## The problem
Print the lines in the listing below starting at the line with "Stay cool and" and ending at the line with "Photo Caption : Milind", both included. Reproduce them exactly and omit every picture.

## The data
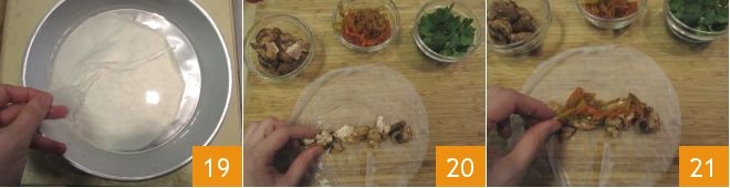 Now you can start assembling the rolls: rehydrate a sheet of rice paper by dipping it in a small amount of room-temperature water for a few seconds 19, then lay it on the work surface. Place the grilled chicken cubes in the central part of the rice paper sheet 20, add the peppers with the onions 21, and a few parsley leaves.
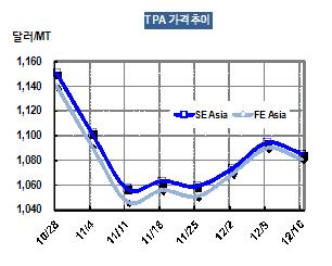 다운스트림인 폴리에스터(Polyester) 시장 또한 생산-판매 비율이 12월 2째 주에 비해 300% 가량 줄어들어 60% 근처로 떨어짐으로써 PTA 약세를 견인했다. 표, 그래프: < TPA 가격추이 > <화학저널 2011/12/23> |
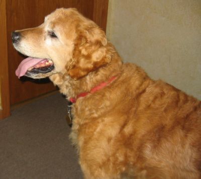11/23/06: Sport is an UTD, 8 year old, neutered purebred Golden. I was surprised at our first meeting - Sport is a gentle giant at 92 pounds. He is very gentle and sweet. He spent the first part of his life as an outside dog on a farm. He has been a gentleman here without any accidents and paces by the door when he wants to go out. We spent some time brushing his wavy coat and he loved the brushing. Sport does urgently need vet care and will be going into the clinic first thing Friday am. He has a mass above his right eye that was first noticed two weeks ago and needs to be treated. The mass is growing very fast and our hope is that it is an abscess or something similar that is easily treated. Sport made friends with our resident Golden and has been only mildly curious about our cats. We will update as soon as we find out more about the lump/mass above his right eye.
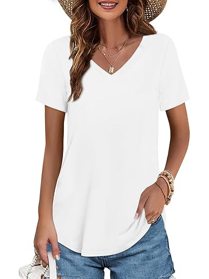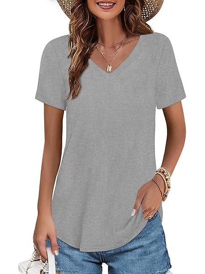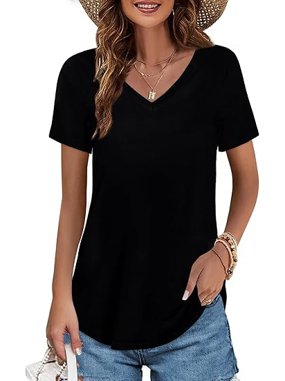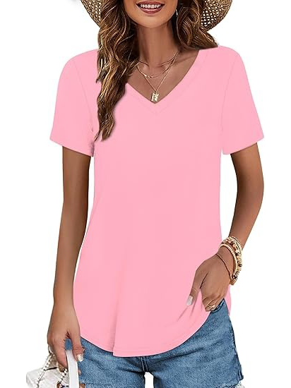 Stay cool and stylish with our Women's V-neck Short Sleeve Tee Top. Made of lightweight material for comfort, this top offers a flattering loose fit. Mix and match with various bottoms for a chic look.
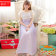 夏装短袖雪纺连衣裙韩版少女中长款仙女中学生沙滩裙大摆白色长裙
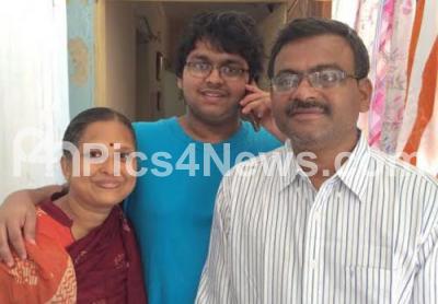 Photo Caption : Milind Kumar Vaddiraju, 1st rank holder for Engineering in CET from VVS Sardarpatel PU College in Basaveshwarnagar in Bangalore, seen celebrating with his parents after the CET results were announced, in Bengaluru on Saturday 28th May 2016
...
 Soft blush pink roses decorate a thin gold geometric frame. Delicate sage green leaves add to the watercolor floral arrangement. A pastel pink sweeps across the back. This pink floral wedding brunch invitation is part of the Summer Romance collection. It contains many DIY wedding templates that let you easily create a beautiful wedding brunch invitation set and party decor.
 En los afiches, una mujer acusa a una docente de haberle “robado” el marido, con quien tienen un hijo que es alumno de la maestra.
==
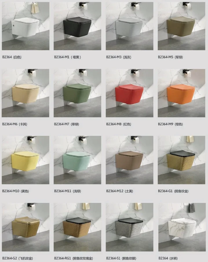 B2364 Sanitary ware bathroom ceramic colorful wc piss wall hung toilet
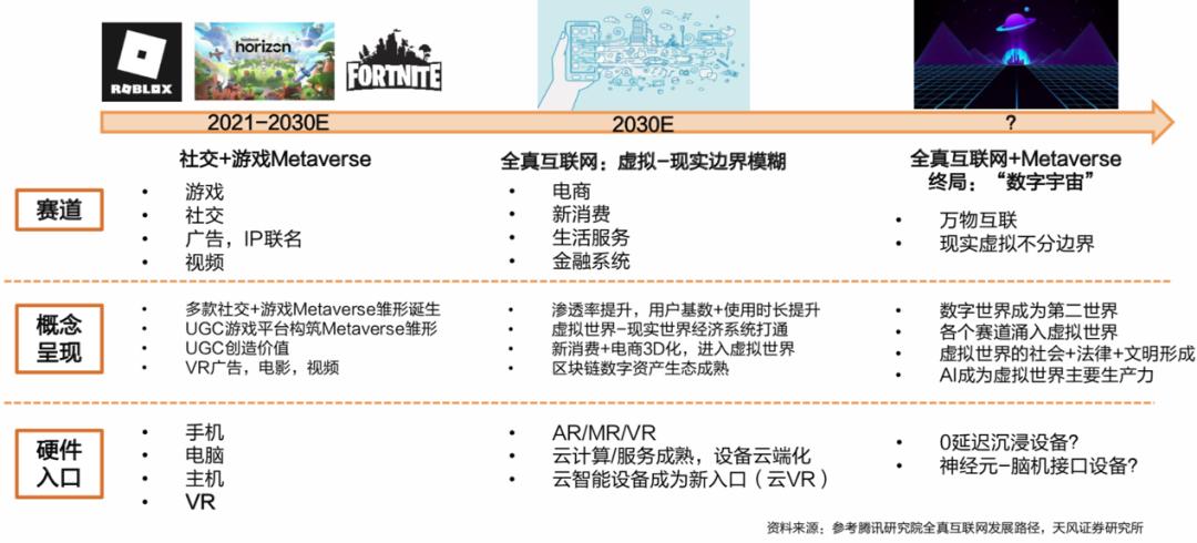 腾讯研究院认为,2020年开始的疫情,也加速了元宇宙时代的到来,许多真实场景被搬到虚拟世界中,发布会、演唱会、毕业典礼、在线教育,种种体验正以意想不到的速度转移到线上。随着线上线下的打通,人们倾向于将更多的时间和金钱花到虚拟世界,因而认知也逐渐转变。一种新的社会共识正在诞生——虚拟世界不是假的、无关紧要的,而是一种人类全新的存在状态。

## Exercise response
 Stay cool and stylish with our Women's V-neck Short Sleeve Tee Top. Made of lightweight material for comfort, this top offers a flattering loose fit. Mix and match with various bottoms for a chic look.
 夏装短袖雪纺连衣裙韩版少女中长款仙女中学生沙滩裙大摆白色长裙
 Photo Caption : Milind Kumar Vaddiraju, 1st rank holder for Engineering in CET from VVS Sardarpatel PU College in Basaveshwarnagar in Bangalore, seen celebrating with his parents after the CET results were announced, in Bengaluru on Saturday 28th May 2016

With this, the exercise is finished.